No somos los más grandes, más bien al contrario, ni los más ricos, aunque no nos podamos quejar, o los más dinámicos, porque otros han crecido más y mejor que nosotros en los últimos años. Pero en Navarra hemos avanzado. Somos, ademas, una sociedad clasemediera y cohesionada, algo de lo que sentirse orgulloso, con bajos índices de exclusión y de pobreza, con niveles razonables de empleo y donde los servicios públicos tratan de resistir a una ofensiva de largo aliento, en la que no faltan las maniobras de distracción: póngase usted una mascarilla en la calle, que de reforzar en serio la sanidad, mejorar la atención primaria y reducir las listas de espera ya hablaremos en otro momento. Y mientras tanto, por cierto, búsquese un médico privado.

El estrés sanitario no es, sin embargo, el único síntoma de algo más profundo y a veces oculto, una desigualdad que ya ha fracturado otras sociedades, con consecuencias políticas de sobra conocidas, y que Navarra aún está a tiempo de corregir. Pero se multiplican las señales que dibujan no solo una economía a dos velocidades -empresas nativas digitales que ganan mercado mientras las tradicionales afrontan una reconversión dolorosa o su extinción-; también una sociedad algo más desigual y desequilibrada.

Lo vemos en los salarios, que han dejado de ser una garantía de prosperidad para decenas de miles de personas, especialmente jóvenes y personas con una menor preparación, o con una formación que no se ajusta a lo que requiere el mercado. Lo analiza la escuela de negocios EADA: el sueldo medio de un trabajador raso se ha estancado o retrocedido desde 2015. Por el contrario, el salario medio de un directivo navarro ha crecido en el mismo tiempo un 10%. Más pruebas, esta vez generacionales: un joven de 25 años cobra hoy hasta 2.000 euros menos al año que quien tenía esa misma edad hace 15 años.

Capados y desligados del IPC, los salarios merman y se resiente la movilidad social, tal y como advierte el Observatorio de la Realidad Social de Navarra en uno de sus últimos informes. Casi nadie deja de ser rico y salir de pobre se vuelve cada vez más complicado; al mismo tiempo, señala el mismo estudio, resulta más probable despeñarse desde las capas menos favorecidas de la clase media que escalar hacia un mayor desahogo.

Las dos velocidades se aprecian también en la vivienda, un derecho de esos que solo figura en el papel. Convertido en una inversión refugio para sortear años de bajos intereses bancarios, el ladrillo mantiene su atractivo entre las rentas más elevadas. Promociones como la de Salesianos en Pamplona, inaccesible para las rentas medias, se venden sin dificultad. También Lezkairu, donde la ayuda familiar ha permitido a cientos de jóvenes acceder a lo que con sus propios sueldos nunca habrían logrado.
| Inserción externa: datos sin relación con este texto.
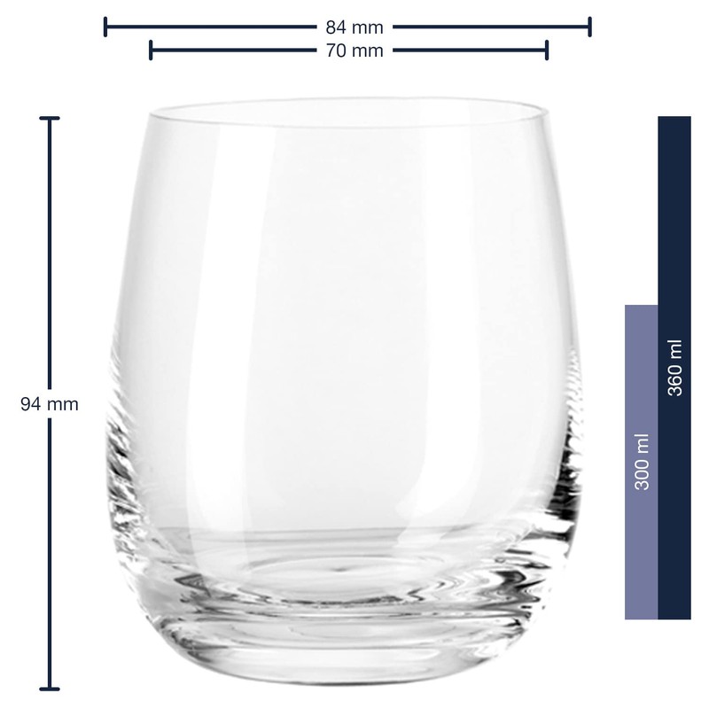 - Dimensions: the goblet dimensions correspond to the standard with (W) 84 x (H) 94 mm, glass rim (W) 70 mm. The total height of the glass is 94 mm, the maximum capacity is approx. 360 ml and the weight at approx. 140 g
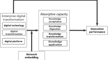 Digital transformation impacts corporate operations and organizational change, offering both opportunities and challenges for innovation27. On the one hand, digital transformation offers opportunities to enhance enterprise innovation capabilities. Research suggests that digital transformation can empower innovation and boost its vitality28. For example, it can manage knowledge flows and innovation, thereby fostering enterprise creativity29. By building digital platforms, firms can achieve innovation outcomes at lower costs and facilitate the implementation of innovation projects30. Additionally, digital transformation through internet platforms enables open innovation that is not restricted by time or location31.

Al mismo tiempo, los registros del Gobierno de Navarra, con su creciente bolsa de demandantes de vivienda social, prueban las dificultades amplias capas de la población para acceder a un piso. Es el escenario ideal para una nueva generación de rentistas.

2022 es un buen momento para afrontar estos desafíos. La ayuda europea debería suplir nuestra insuficiente capacidad inversora y ayudar a transformar el tejido productivo, empezando por la automoción. Pero nada de ello servirá a largo plazo si no se mejora el sistema educativo, sobre el que el informe PISA lanzó hace unas semanas un aviso muy serio: el deterioro en la comprensión lectora resulta ya indiscutible y la brecha entre la educación concertada y la pública, sobre todo en los núcleos urbanos más importantes, es un problema de primera magnitud al que apenas se presta atención. No parece que implantar la jornada continua en los colegios públicos, un asunto al parecer de la máxima urgencia, vaya a contribuir a solventarlo.